Task requirements: Give the entries again exactly, without pictures.

(Recorded information begins)

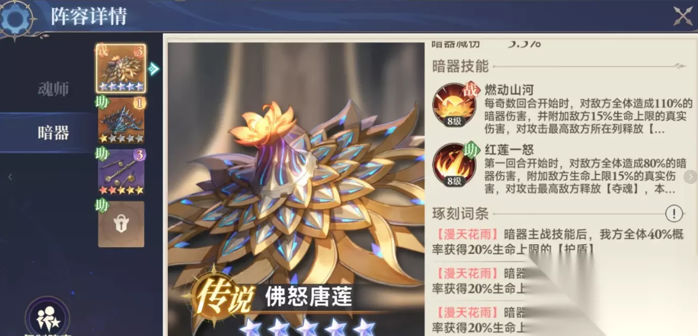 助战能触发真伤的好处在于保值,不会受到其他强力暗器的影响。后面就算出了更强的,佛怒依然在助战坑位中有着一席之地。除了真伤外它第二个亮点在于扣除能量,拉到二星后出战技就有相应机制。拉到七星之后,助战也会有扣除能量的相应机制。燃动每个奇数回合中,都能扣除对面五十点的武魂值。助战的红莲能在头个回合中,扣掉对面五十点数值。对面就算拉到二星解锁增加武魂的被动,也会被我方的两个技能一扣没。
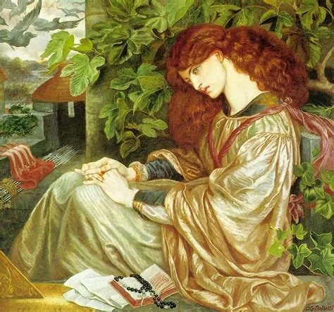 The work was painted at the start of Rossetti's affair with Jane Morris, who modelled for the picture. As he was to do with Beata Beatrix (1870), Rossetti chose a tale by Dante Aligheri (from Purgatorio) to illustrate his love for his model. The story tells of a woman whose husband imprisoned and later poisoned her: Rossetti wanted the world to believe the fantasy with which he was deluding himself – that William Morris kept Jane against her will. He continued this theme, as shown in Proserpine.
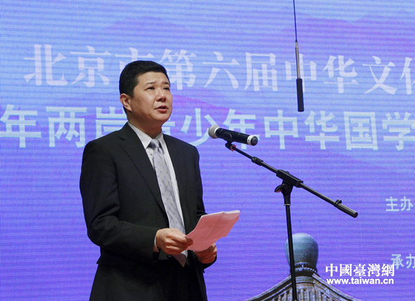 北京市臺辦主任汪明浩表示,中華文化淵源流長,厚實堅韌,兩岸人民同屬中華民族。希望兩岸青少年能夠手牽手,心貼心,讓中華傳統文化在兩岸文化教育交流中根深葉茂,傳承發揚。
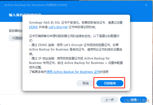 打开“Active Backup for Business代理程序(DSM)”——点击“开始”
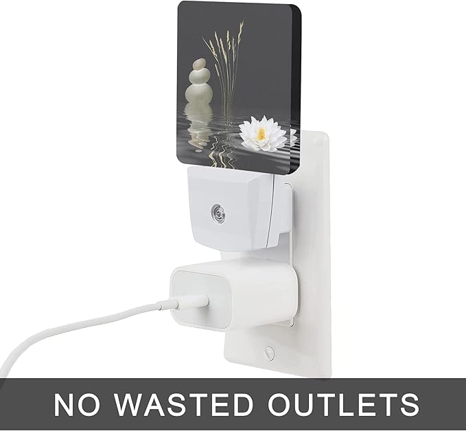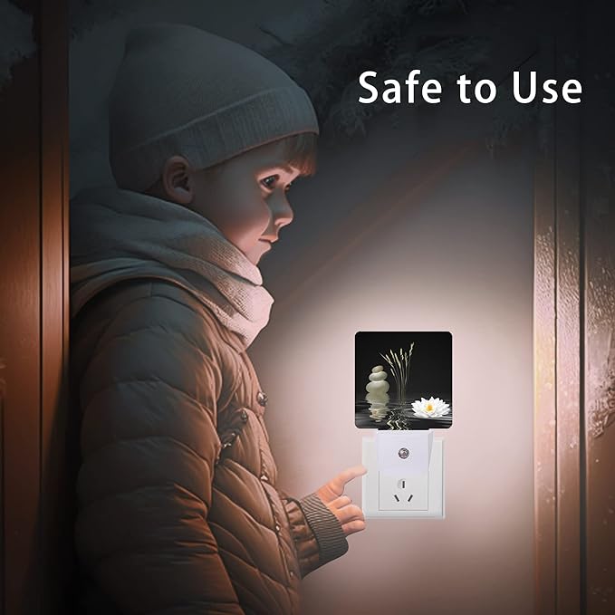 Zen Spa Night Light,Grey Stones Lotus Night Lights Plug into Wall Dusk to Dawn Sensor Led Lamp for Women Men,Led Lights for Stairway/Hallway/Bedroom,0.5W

(Recorded information ends)

Answer to this task:
 助战能触发真伤的好处在于保值,不会受到其他强力暗器的影响。后面就算出了更强的,佛怒依然在助战坑位中有着一席之地。除了真伤外它第二个亮点在于扣除能量,拉到二星后出战技就有相应机制。拉到七星之后,助战也会有扣除能量的相应机制。燃动每个奇数回合中,都能扣除对面五十点的武魂值。助战的红莲能在头个回合中,扣掉对面五十点数值。对面就算拉到二星解锁增加武魂的被动,也会被我方的两个技能一扣没。
 The work was painted at the start of Rossetti's affair with Jane Morris, who modelled for the picture. As he was to do with Beata Beatrix (1870), Rossetti chose a tale by Dante Aligheri (from Purgatorio) to illustrate his love for his model. The story tells of a woman whose husband imprisoned and later poisoned her: Rossetti wanted the world to believe the fantasy with which he was deluding himself – that William Morris kept Jane against her will. He continued this theme, as shown in Proserpine.
 北京市臺辦主任汪明浩表示,中華文化淵源流長,厚實堅韌,兩岸人民同屬中華民族。希望兩岸青少年能夠手牽手,心貼心,讓中華傳統文化在兩岸文化教育交流中根深葉茂,傳承發揚。
 打开“Active Backup for Business代理程序(DSM)”——点击“开始”
 Zen Spa Night Light,Grey Stones Lotus Night Lights Plug into Wall Dusk to Dawn Sensor Led Lamp for Women Men,Led Lights for Stairway/Hallway/Bedroom,0.5W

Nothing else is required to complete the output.